- Exercise requirements:
Determine how many lines below include the string "Awarded". Reply with the number only.

=-=-=-=-=

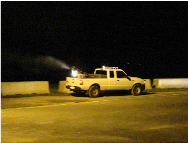
Figure 11. Truck spray at night
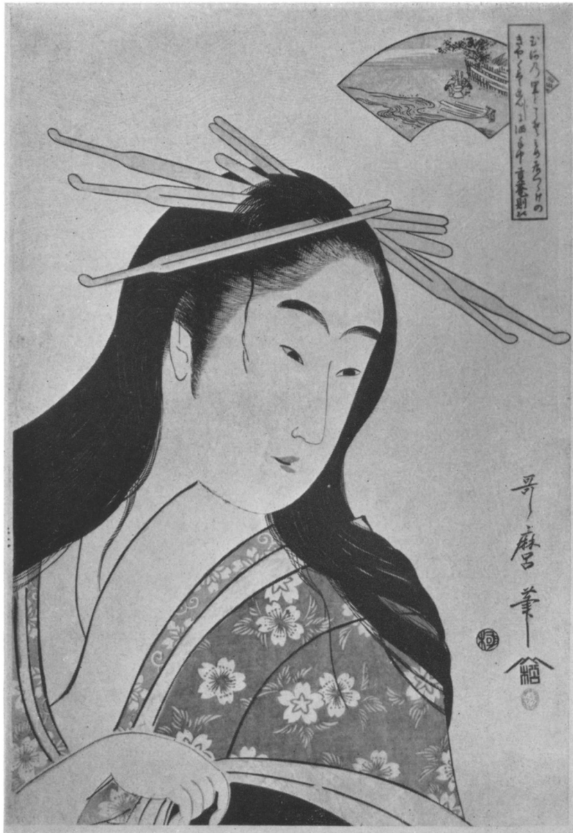
Portrait of a woman. From the Six Tama Rivers series, by Kitagawa Utamaro (1753-1806). A poem is illustrated at the right. H. 14½ inches
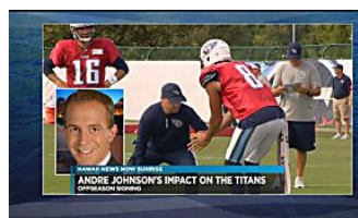
Mariota Impresses Teammates with Meticulous Behavior
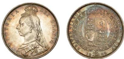
91 Halfcrown, 1889 (ESC 2774; S 3924). Extremely fine, toned £100-£120
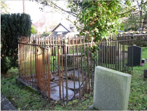
Local details such as these iron railings in the Church yard add to local distinctiveness.
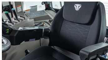
4. Adjustable suspension seat
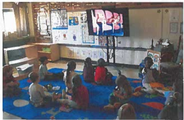
Pre-K enjoying watching Winnie the Pooh!
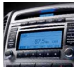
MP3/WMA stereo radio/CD player

* Please contact your dealer for the latest list of compatible mobile phones
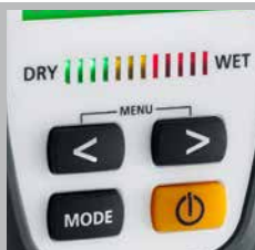
12 position wet/dry LED indicator
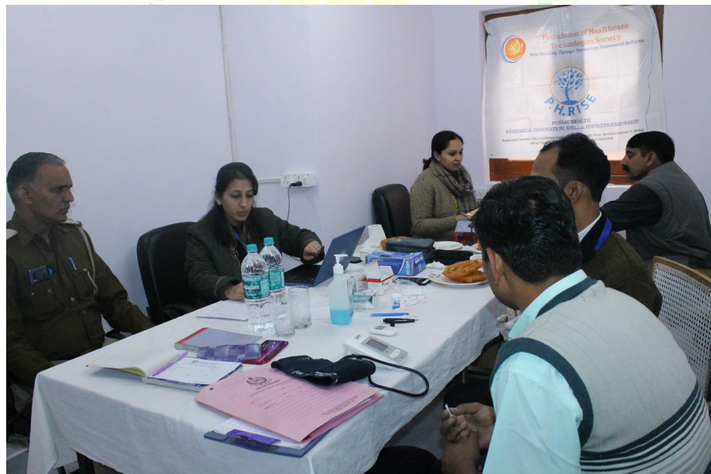
An overview of the Swasthya Pahal camp at Kanjhawala Police Station
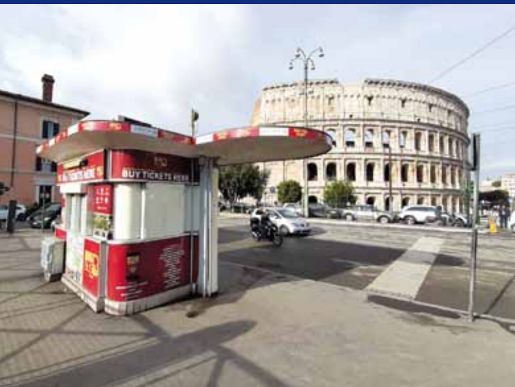
Piazza del Colosseo (Big Bus Tours/Brastours Kiosk)
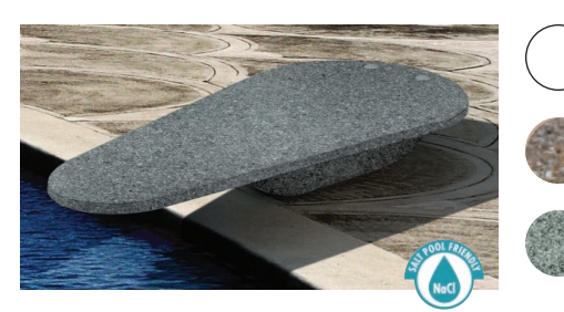
FreeStyle<sup>™</sup> on D-Lux Stand Will add a unique design element to your pool, with its widest point being twice the width of a traditional diving board. It comes with a matching D-Lux<sup>™</sup> stand.<sup>*</sup>
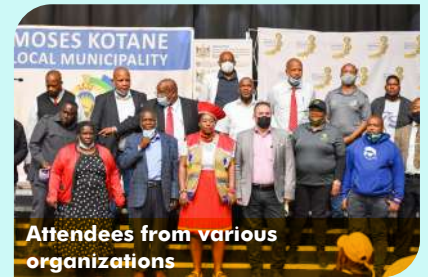
Attendees from various organizations
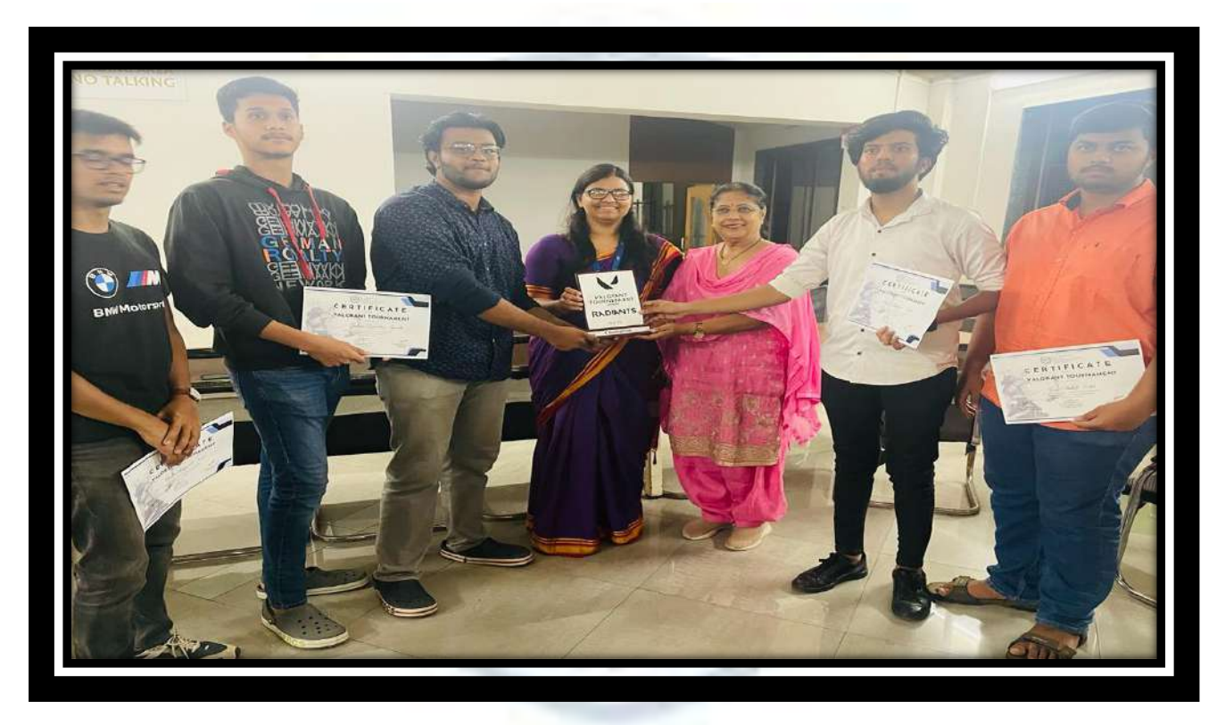
Runner-Up Team was Awarded with Certificate: -

Winning Team was Awarded with Trophy and Certificates
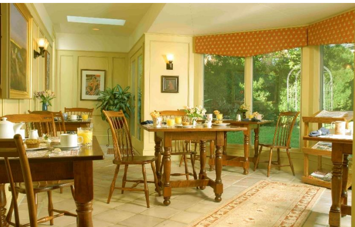
Guest Breakfast Area
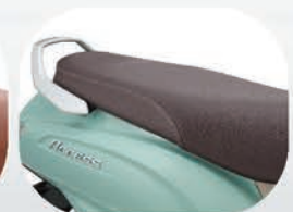
Seat Cover Dark Brown
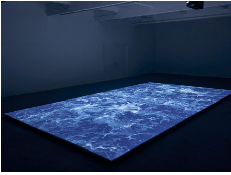
Rindon Johnson, 'Coeval Proposition #2: Last Year's Atlantic, or You look really good, you look like you pretended like nothing ever happened, or a Weakening (2021). Installation view Chisenhale Gallery', 2021. Commissioned and produced by Chisenhale Gallery, London and SculptureCenter, New York, 2021. Courtesy the artist. Photography: Andy Keate

=-=-=-=-=

- Result below:
2